I have to thank Roy Hattersley for his contribution. In 1992, I was extremely bitter about the Conservative victory in the election. After hearing him in this debate, I have come to realise that a few years of John Major may have been a price worth paying for a Blair government. His speech was full of the glib canards of the Guardian letters pages and comments. Buttons were pressed, “illegal war”, “Project for a New American Century”; he had em’ all, and boy was he going to press them. Hitchens sat on the stage muttering to the audience “why are you clapping”, “why are you laughing” at the more ridiculous charges levelled at Bush and Blair by Hattersley. Before Hattersley spoke I still had some respect for him, but as he continued to spill out his garbled and ill-informed comment on international politics he slowly transmogrified into the Jar Jar Binks of British politics. Still, perhaps he was dazed by his football teams promotion. Micklethwait bluntly pointed out how Hattersley has become a reactionary afraid of change, while the US adminstration has become radical and is promoting change.
Other highlights include Hitchens on Galloway “he’s a pimp for facist dictatorships overseas, and an exploiter of religious sectarianism at home, and a guttersnipe and a liar. And I can add I hope you go to labourfriendsofiraq.org.uk. They’ve issued a challenge to me and him to meet in a public debate. He can pick the venue, he can pick the chairman, it better be neutral, and then we’ll see won’t we? “, and Hitchens’ response to the self-confessed Galloway fan whose opening gambit was “Christopher what’s happened to you, you’ve fallen so far. I mean you’ve started brilliantly attacking Kissenger years ago [...] and now you’ve ended up as an apologist for a bunch of murderers” and who eventually called Hitchens a “sepoy”.
My contribution was late in the debate, and wasn’t as fluent as it could have been, but was done on the hoof.

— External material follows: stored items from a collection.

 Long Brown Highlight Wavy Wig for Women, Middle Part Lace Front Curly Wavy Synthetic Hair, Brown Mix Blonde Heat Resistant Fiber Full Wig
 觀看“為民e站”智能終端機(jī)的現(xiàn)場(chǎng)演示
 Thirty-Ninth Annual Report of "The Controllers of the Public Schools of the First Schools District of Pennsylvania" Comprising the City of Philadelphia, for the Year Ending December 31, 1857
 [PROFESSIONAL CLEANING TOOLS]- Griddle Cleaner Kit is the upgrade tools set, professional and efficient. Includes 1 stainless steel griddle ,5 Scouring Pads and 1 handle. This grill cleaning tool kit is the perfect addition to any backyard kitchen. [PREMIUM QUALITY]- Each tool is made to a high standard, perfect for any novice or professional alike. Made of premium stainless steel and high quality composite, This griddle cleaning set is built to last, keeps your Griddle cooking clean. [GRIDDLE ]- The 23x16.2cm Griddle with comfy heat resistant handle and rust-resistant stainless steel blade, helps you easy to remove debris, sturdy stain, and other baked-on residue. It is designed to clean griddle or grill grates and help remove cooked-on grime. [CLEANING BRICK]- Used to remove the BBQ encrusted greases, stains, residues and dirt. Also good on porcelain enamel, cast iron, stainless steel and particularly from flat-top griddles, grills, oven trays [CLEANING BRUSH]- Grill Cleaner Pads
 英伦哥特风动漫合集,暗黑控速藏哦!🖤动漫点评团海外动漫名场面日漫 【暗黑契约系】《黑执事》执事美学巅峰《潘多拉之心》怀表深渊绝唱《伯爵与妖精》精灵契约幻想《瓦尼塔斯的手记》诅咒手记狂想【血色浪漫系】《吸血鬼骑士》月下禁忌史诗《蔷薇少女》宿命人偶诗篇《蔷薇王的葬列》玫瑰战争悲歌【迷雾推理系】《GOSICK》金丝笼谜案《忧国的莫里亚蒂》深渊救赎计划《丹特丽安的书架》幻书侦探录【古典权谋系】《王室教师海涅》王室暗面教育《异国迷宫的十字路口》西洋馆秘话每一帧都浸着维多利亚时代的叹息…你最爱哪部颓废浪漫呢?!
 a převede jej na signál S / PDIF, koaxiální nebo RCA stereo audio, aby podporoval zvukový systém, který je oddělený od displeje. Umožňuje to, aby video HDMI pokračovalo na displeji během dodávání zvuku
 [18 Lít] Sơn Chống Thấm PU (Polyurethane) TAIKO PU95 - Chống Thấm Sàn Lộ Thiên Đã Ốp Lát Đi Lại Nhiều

I want to quote Christopher from one of his books actually, Orwell’s victory in which he’s says that the intellectuals of the last century made a fatal accommodation with imperialism, fascism and also with communism, and I think the reason that Blair and Bush will come out well in history is that they are not making such a fatal accommodation with the “isms” of this century. And my point is that I see Mark Leonard and Roy Hattersley, they are like the Guardian’s letter page on acid, they are conflating opinions, and aims and objectives to groups in the world that, well, I mean Saddam Hussain was never going to join the European Union. Al Qaeda don’t care about global warning. I mean what planet are these people on?
At the end of the debate, the vote was taken again. The motion was lost, but Hitchens and Micklethwait had gained some support. In a debate with so many evidence-free assertations, and simplistic moralising about the US, even changing some minds was a victory of sorts.
Afterwards I got to meet Hitchens and got a copy of Love, Poverty, and War signed by him.